**Work request**
Beginning with the line that contains "レース襟ブラウス トップス シャツ", print each line to the end of the data exactly. Omit the pictures.

**Supplied information**
↓
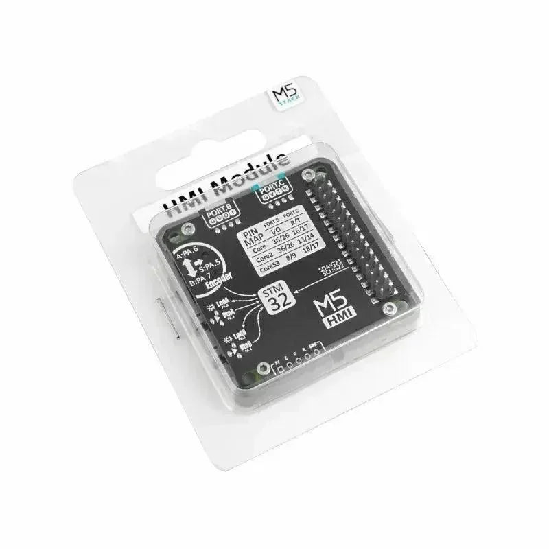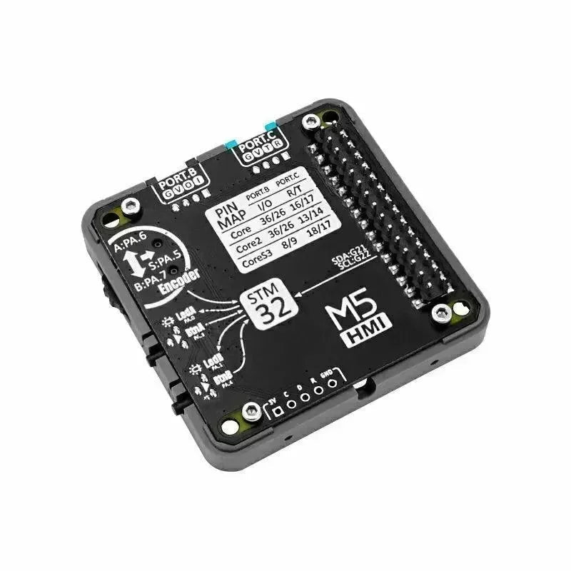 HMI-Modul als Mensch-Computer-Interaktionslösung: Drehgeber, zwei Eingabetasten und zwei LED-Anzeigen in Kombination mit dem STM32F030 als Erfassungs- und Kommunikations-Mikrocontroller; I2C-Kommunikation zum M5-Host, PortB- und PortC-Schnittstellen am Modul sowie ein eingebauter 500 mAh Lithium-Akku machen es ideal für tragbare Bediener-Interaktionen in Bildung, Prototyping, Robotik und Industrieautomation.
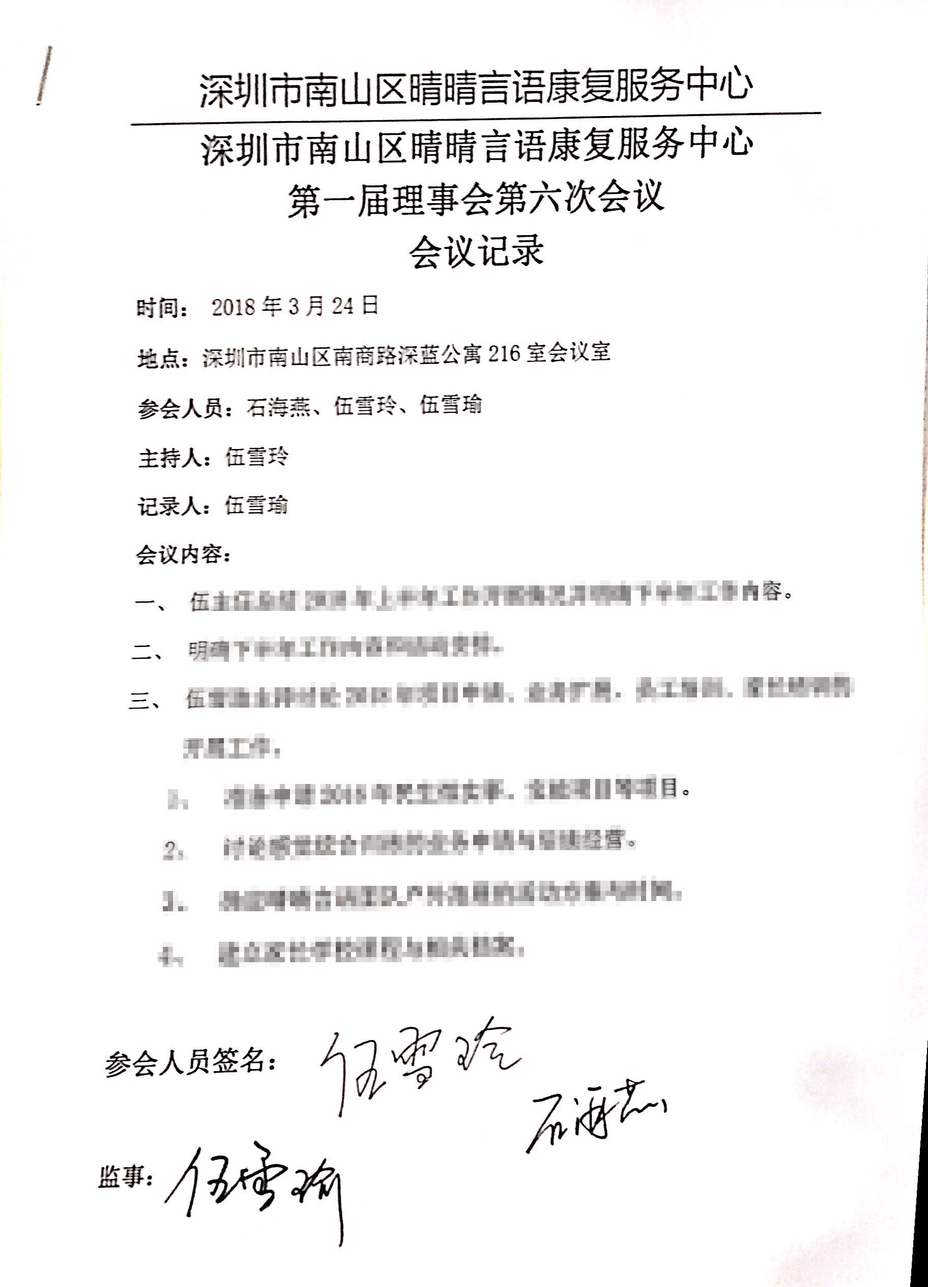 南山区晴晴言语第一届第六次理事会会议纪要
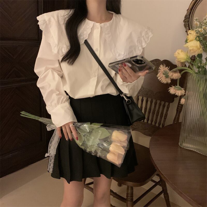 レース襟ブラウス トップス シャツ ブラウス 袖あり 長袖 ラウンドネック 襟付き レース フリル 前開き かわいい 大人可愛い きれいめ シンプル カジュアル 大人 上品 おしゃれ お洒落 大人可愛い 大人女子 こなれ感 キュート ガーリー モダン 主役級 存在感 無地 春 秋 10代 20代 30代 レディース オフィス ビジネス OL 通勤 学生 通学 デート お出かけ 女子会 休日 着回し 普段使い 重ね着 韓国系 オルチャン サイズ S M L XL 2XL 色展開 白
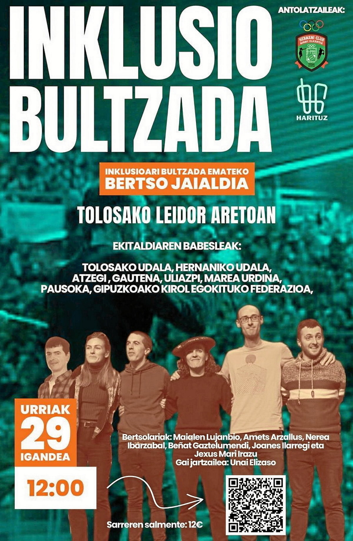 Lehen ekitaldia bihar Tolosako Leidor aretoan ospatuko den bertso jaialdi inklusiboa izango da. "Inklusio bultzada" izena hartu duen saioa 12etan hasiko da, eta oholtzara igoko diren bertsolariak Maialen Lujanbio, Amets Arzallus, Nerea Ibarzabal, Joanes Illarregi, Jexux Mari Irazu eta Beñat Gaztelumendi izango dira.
↑
**Answer to this exercise**
 レース襟ブラウス トップス シャツ ブラウス 袖あり 長袖 ラウンドネック 襟付き レース フリル 前開き かわいい 大人可愛い きれいめ シンプル カジュアル 大人 上品 おしゃれ お洒落 大人可愛い 大人女子 こなれ感 キュート ガーリー モダン 主役級 存在感 無地 春 秋 10代 20代 30代 レディース オフィス ビジネス OL 通勤 学生 通学 デート お出かけ 女子会 休日 着回し 普段使い 重ね着 韓国系 オルチャン サイズ S M L XL 2XL 色展開 白
 Lehen ekitaldia bihar Tolosako Leidor aretoan ospatuko den bertso jaialdi inklusiboa izango da. "Inklusio bultzada" izena hartu duen saioa 12etan hasiko da, eta oholtzara igoko diren bertsolariak Maialen Lujanbio, Amets Arzallus, Nerea Ibarzabal, Joanes Illarregi, Jexux Mari Irazu eta Beñat Gaztelumendi izango dira.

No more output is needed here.